**Exercise brief:** Print only the lines below from the one with "Removing excess epoxy" to the one with "Геймпад Беспроводной джойстик", both included, exactly as they stand. Leave pictures out.

**Data below:**

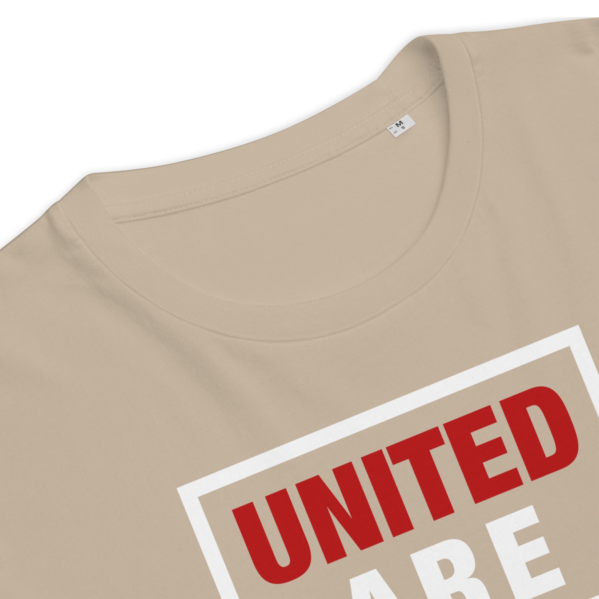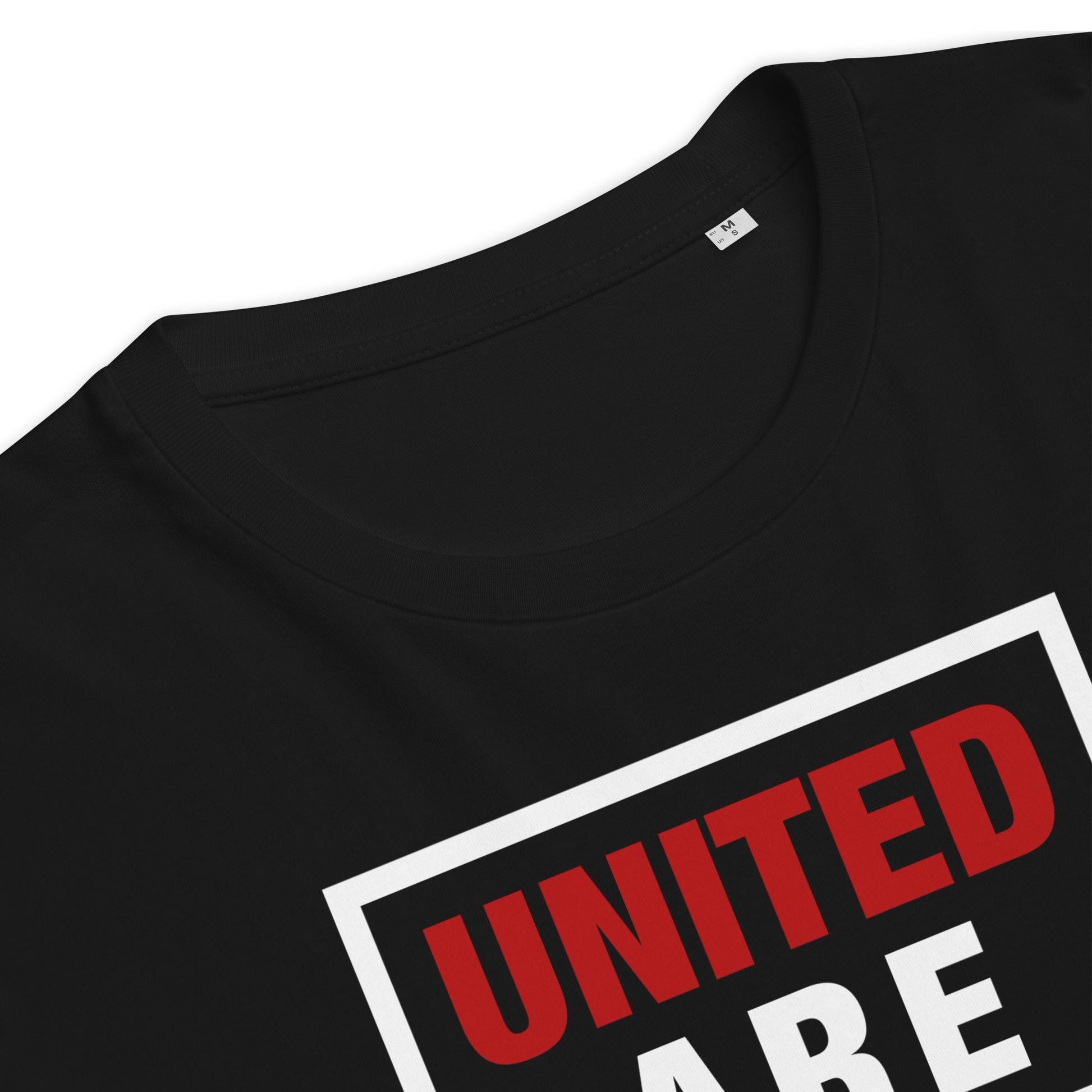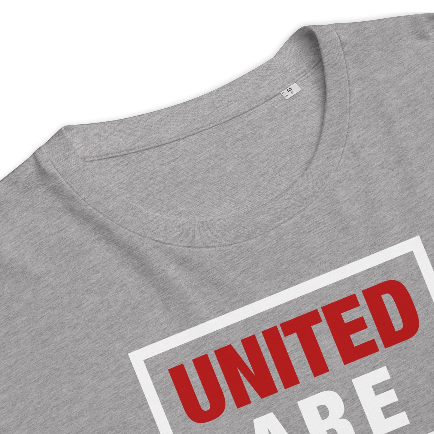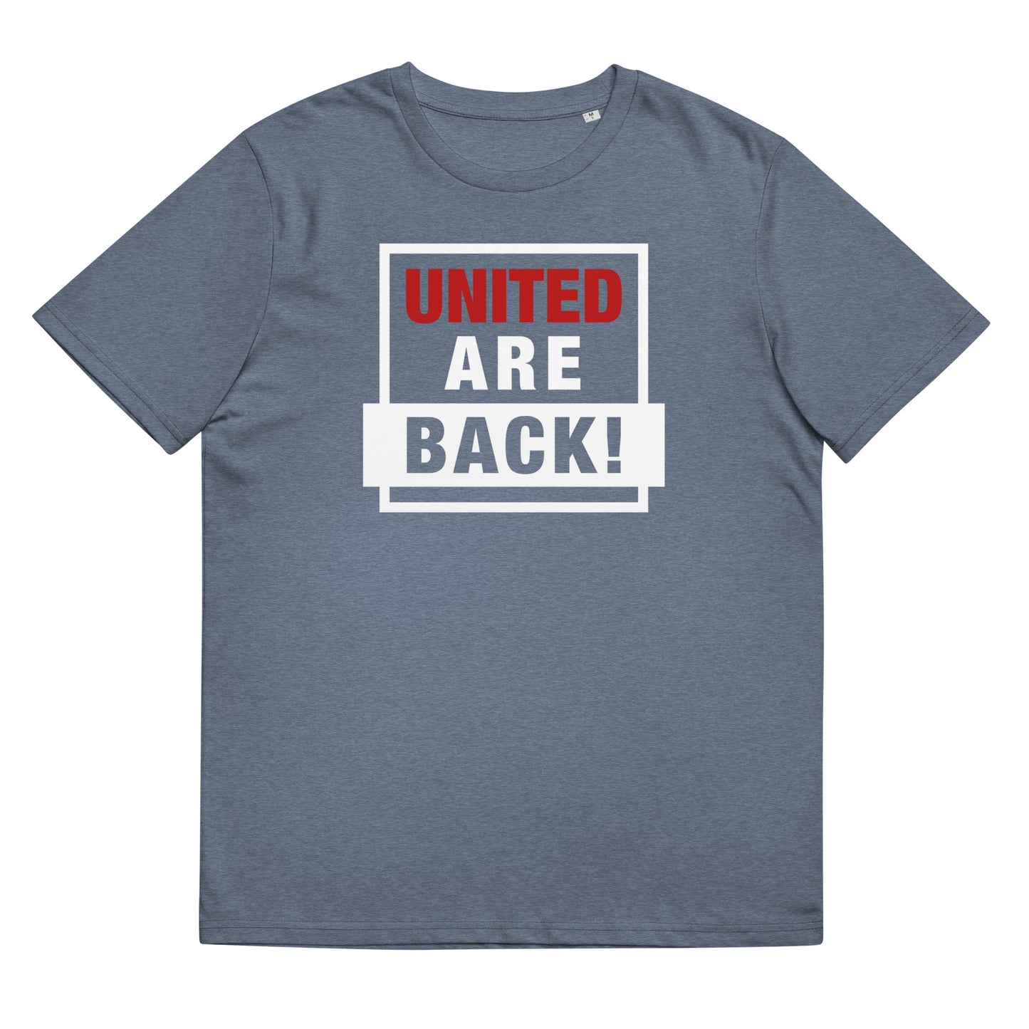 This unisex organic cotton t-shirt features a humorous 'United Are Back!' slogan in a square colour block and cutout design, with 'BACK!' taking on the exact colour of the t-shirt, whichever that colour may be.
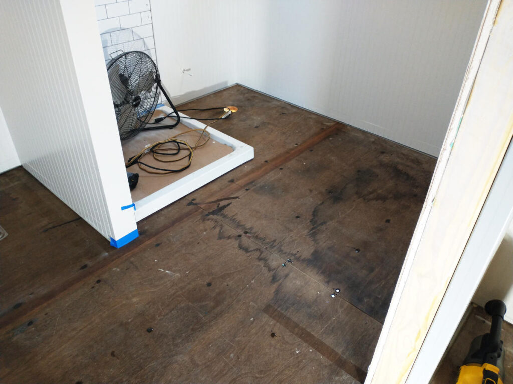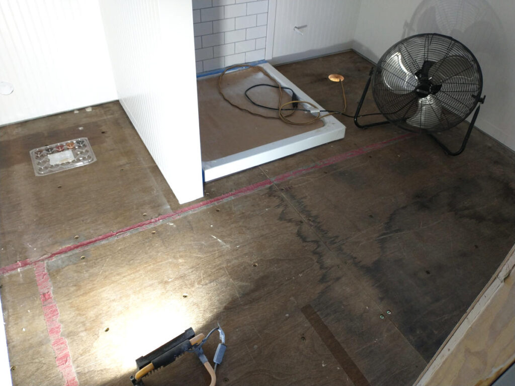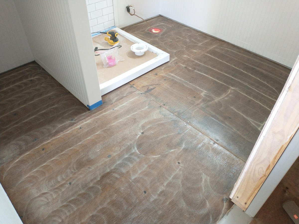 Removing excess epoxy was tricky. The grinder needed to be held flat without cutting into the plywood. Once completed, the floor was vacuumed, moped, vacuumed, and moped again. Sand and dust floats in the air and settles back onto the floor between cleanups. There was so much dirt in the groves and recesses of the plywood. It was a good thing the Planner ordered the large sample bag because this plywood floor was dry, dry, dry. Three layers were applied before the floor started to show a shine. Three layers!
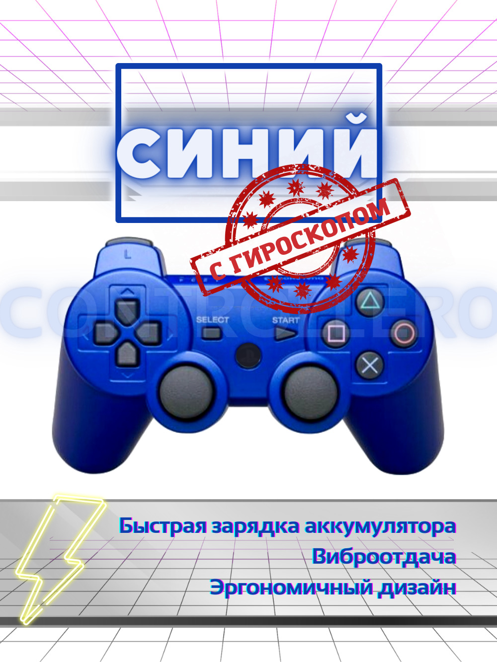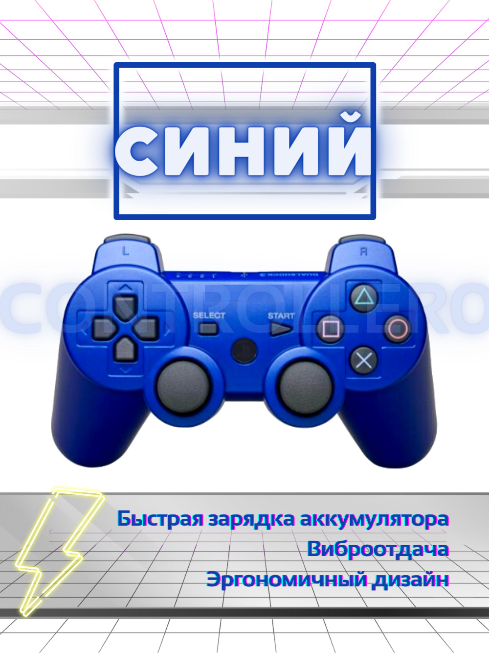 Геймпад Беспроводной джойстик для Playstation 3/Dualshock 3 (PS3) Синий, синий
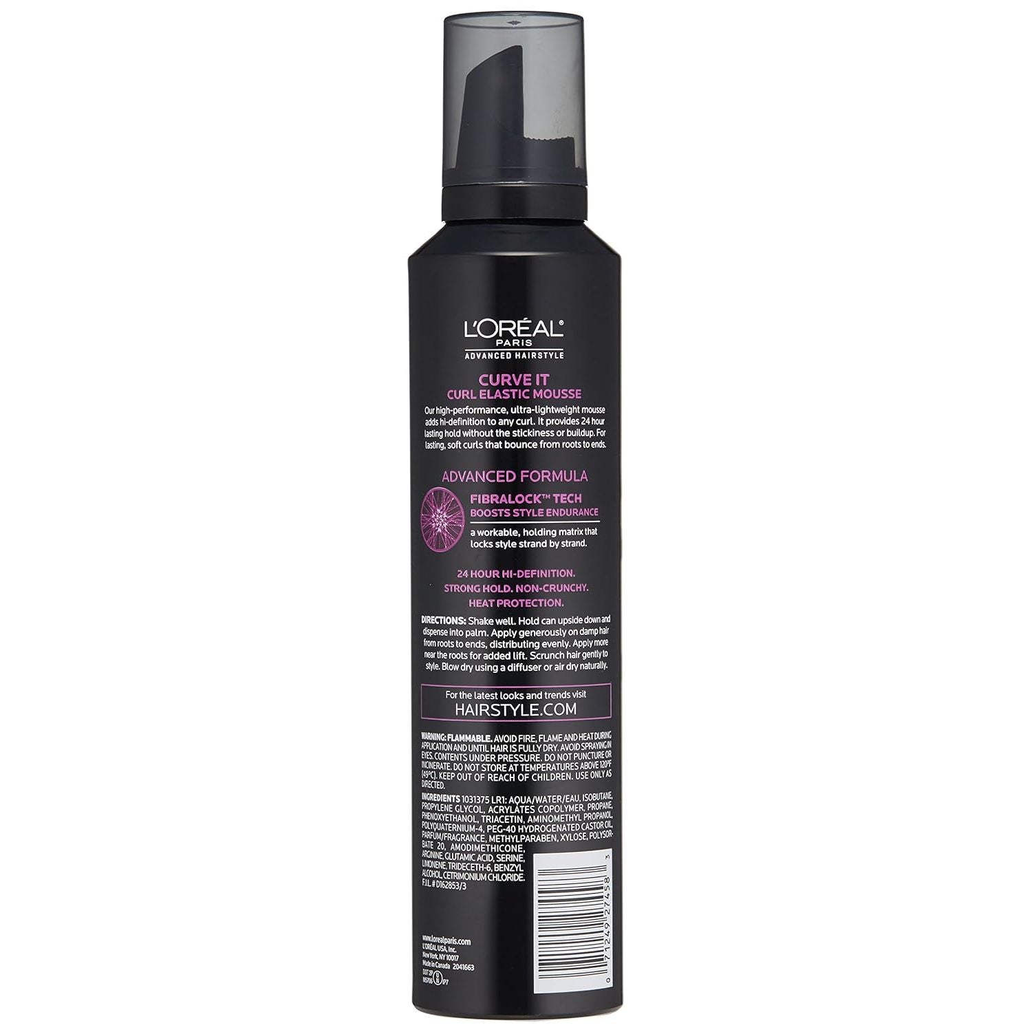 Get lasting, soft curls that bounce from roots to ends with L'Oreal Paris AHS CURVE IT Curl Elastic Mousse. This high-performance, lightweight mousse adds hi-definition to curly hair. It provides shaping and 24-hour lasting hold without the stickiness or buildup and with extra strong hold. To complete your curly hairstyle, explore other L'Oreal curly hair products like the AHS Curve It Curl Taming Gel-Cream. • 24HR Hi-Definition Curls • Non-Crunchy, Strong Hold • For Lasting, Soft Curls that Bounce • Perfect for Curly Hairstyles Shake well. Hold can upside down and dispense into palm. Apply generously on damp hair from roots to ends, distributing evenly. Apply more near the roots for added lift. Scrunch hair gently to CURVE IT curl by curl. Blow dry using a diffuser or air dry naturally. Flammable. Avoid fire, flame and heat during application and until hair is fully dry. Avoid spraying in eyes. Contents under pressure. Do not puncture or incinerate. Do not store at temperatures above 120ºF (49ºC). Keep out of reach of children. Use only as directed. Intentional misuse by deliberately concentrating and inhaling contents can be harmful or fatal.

**Task output:**
 Removing excess epoxy was tricky. The grinder needed to be held flat without cutting into the plywood. Once completed, the floor was vacuumed, moped, vacuumed, and moped again. Sand and dust floats in the air and settles back onto the floor between cleanups. There was so much dirt in the groves and recesses of the plywood. It was a good thing the Planner ordered the large sample bag because this plywood floor was dry, dry, dry. Three layers were applied before the floor started to show a shine. Three layers!
 Геймпад Беспроводной джойстик для Playstation 3/Dualshock 3 (PS3) Синий, синий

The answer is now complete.